Records to process
==============================

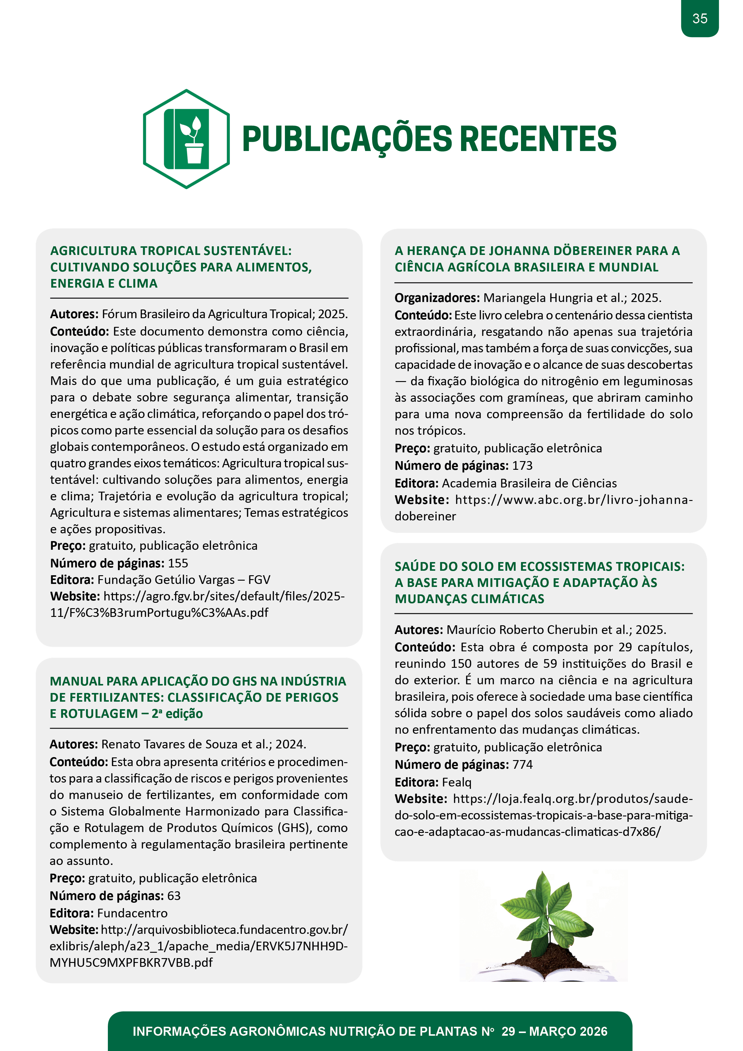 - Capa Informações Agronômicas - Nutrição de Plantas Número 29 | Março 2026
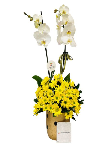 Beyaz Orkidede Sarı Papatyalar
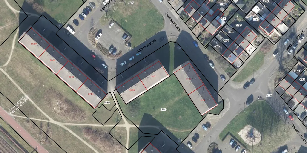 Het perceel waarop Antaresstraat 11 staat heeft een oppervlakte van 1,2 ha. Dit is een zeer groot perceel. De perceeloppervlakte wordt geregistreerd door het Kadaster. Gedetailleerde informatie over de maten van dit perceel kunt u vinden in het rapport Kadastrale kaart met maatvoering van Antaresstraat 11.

==============================

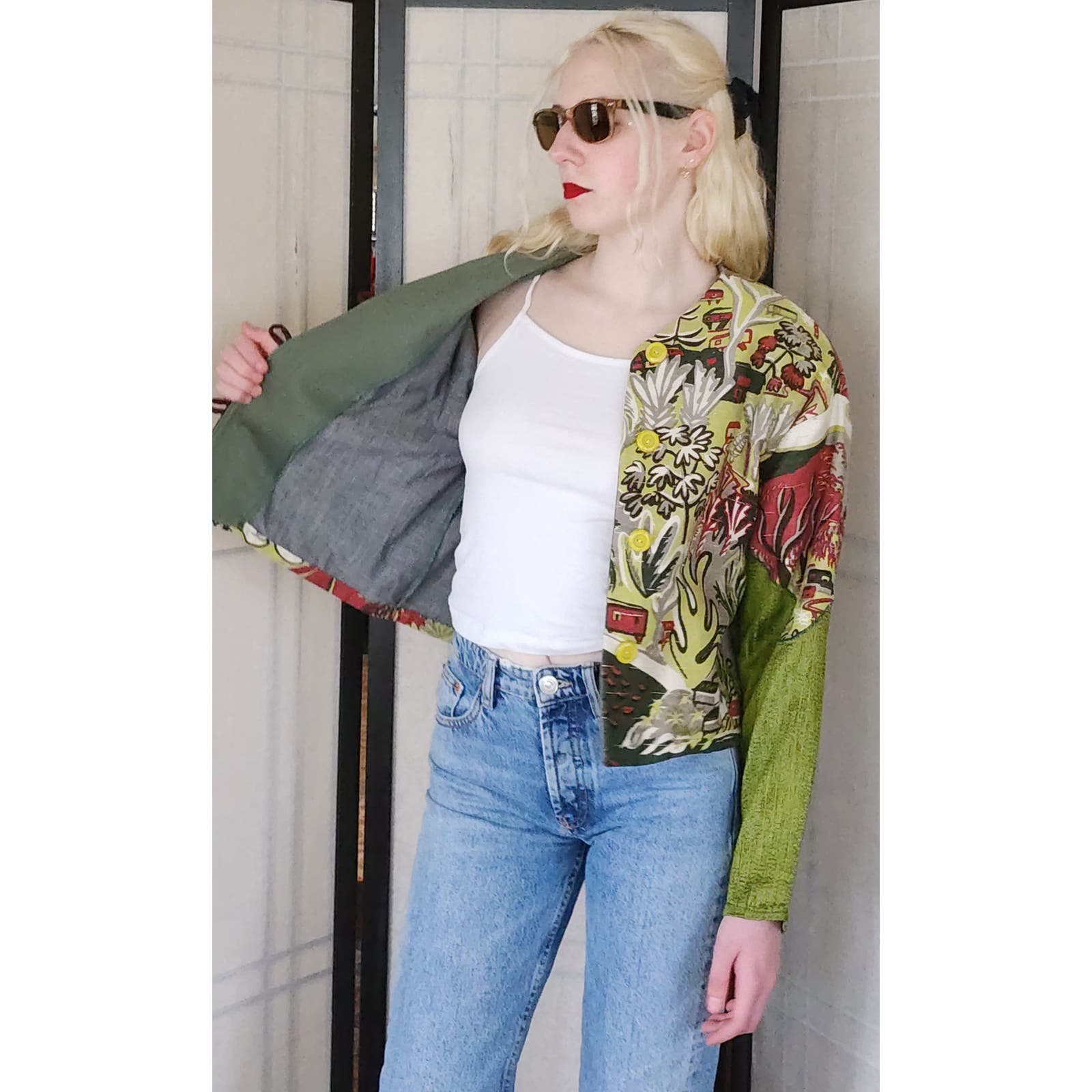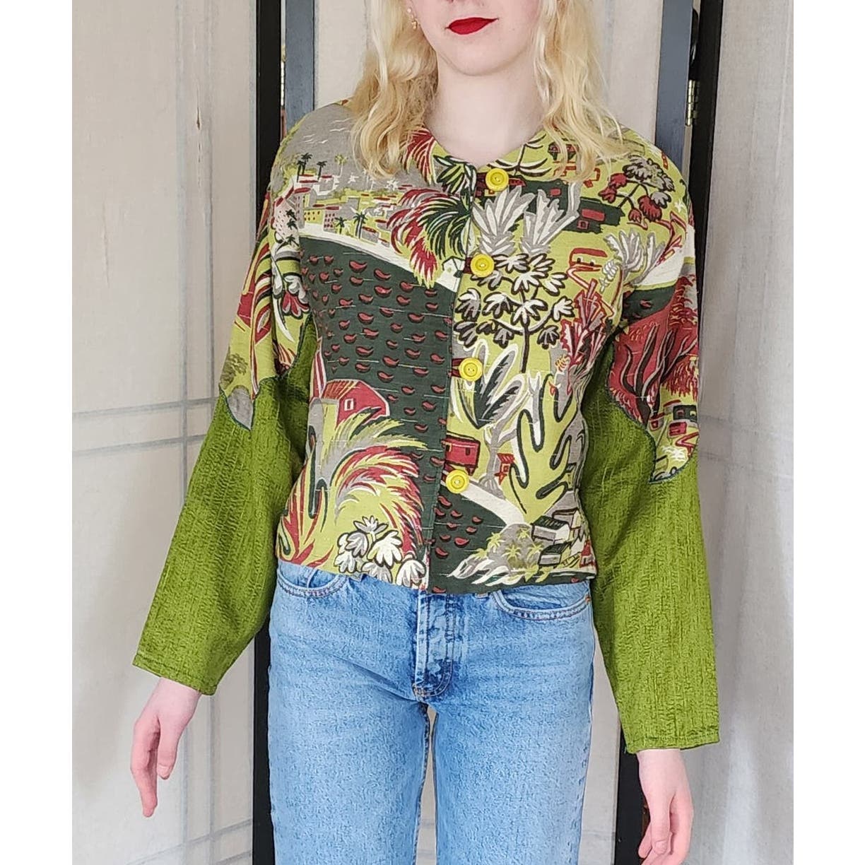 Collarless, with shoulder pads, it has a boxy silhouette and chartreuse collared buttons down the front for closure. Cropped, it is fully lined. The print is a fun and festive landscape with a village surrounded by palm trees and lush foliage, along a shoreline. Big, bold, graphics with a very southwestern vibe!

==============================

What to work on
Only the lines above from the one with "- Capa Informações" to the one with "Het perceel waarop" should be printed, both included and exactly as written; no picture belongs in the copy.

Answer to this exercise
 - Capa Informações Agronômicas - Nutrição de Plantas Número 29 | Março 2026
 Beyaz Orkidede Sarı Papatyalar
 Het perceel waarop Antaresstraat 11 staat heeft een oppervlakte van 1,2 ha. Dit is een zeer groot perceel. De perceeloppervlakte wordt geregistreerd door het Kadaster. Gedetailleerde informatie over de maten van dit perceel kunt u vinden in het rapport Kadastrale kaart met maatvoering van Antaresstraat 11.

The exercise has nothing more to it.